North Korea threatens to strike US Guam base
North Korea on Wednesday said that it is considering strikes near US strategic military installations in Guam with its intermediate range ballistic missiles, state news agency KCNA reported.
The threat came hours after US President Donald Trump threatened Pyongyang with “fire and fury” over its missile programme and days after the UN Security Council levied new sanctions on North Korea over its growing nuclear arsenal.
Pyongyang said it’s “now carefully examining the operational plan for making an enveloping fire at the areas around Guam with medium-to-long-range strategic ballistic rocket Hwasong-12,” according to the official Korean Central News Agency.
The plan will be finalised “and will be put into practice in a multi-concurrent and consecutive way any moment once Kim Jong Un, supreme commander of the nuclear force of the DPRK, makes a decision,” it added.
The threat came after Mr Trump issued an apocalyptic warning, saying North Korea faces “fire and fury” over its missile programme, after US media reported Pyongyang has successfully miniaturised a nuclear warhead.
Later, he took to Twitter to issue another stark warning. “My first order as President was to renovate and modernise our nuclear arsenal.
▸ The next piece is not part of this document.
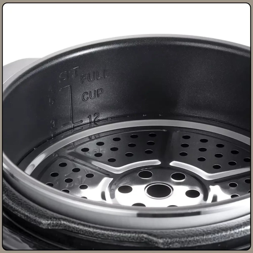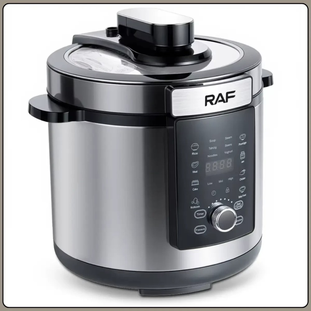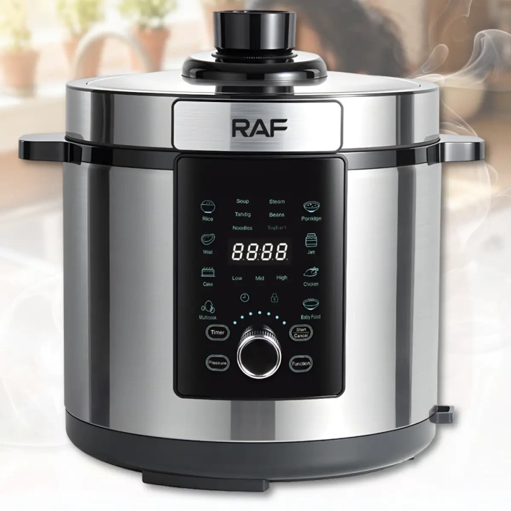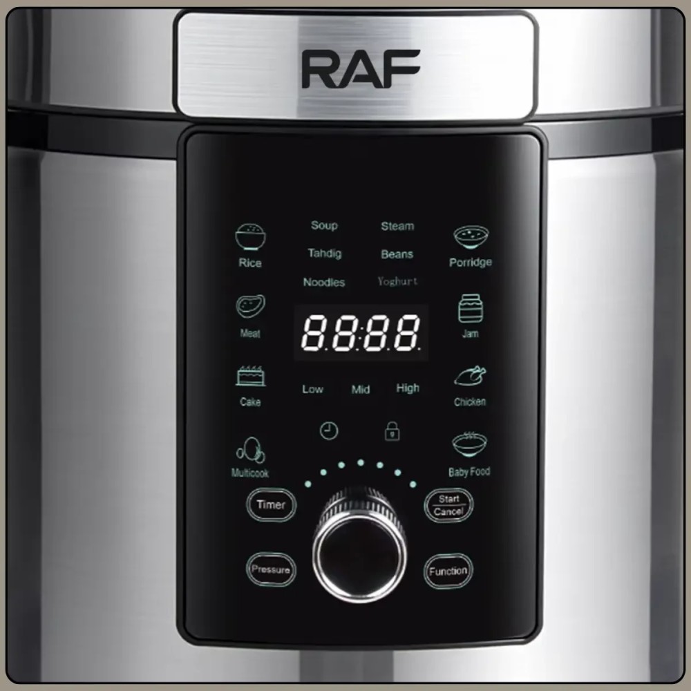 Електрична мультиварка на 6 л із цифровим дисплеєм і таймером RAF R.184 1000W Мультиварка RAF R.184 — це сучасний багатофункційний прилад для кухні, , який поєднує в собі зручність і ефективність. З потужністю 1000 Вт і місткою чашею об'ємом 6 літрів вона підходить для приготування страв на всю сім'ю. Електронне керування з цифровим дисплеєм дає змогу легко вибирати одну з безлічі програм і режимів, включно з приготуванням на парі, рисом, каші, тушкуванням, а також підтриманням постійної температури. Прилад виготовлений у міцному корпусі з неіржавкої сталі та металу, що забезпечує довговічність і стійкість до механічних пошкоджень. Антипригарне покриття внутрішньої чаші полегшує очищення та запобігає прилипанню їжі. Компактні розміри та стильний сріблястий колір корпусу роблять мультиварку практичним і естетичним доповненням будь-якої кухні. Переваги: Багато програм: різноманітні режими приготування страв Відкладений старт: можливість запрограмувати початок готування до 24 годин Великий обсяг чаші: 6 літрів, зручно для сім'ї Антипригарне покриття: легко чистити та готувати без прилипання Електронне керування: зручний цифровий дисплей Приготування на парі: зберігає вітаміни та корисні речовини Підтримка температури: страви залишаються теплими до подавання Характеристики: Тип: мультиварка Потужність: 1000 Вт Об'єм чаші: 6 л Тип керування: електронний, цифровий дисплей Матеріал корпусу: неіржавка сталь/метал Покриття чаші: антипригарний Програми: приготування на парі, рис, каші, тушкування, підтримання температури Таймер: функція відкладеного старту до 24 годин Колір корпусу: сріблястий Розмір: 35×34 см Напруга: 220-240 В, 50-60 Гц

It is now far stronger and more powerful than ever before,” he wrote. “Hopefully we will never have to use this power, but there will never be a time that we are not the most powerful nation in the world!”
Mr Trump’s warning followed a Washington Post report that quoted a defense intelligence agency analysis as saying officials think North Korea now has “nuclear weapons for ballistic missile delivery,” including in its intercontinental ballistic missiles.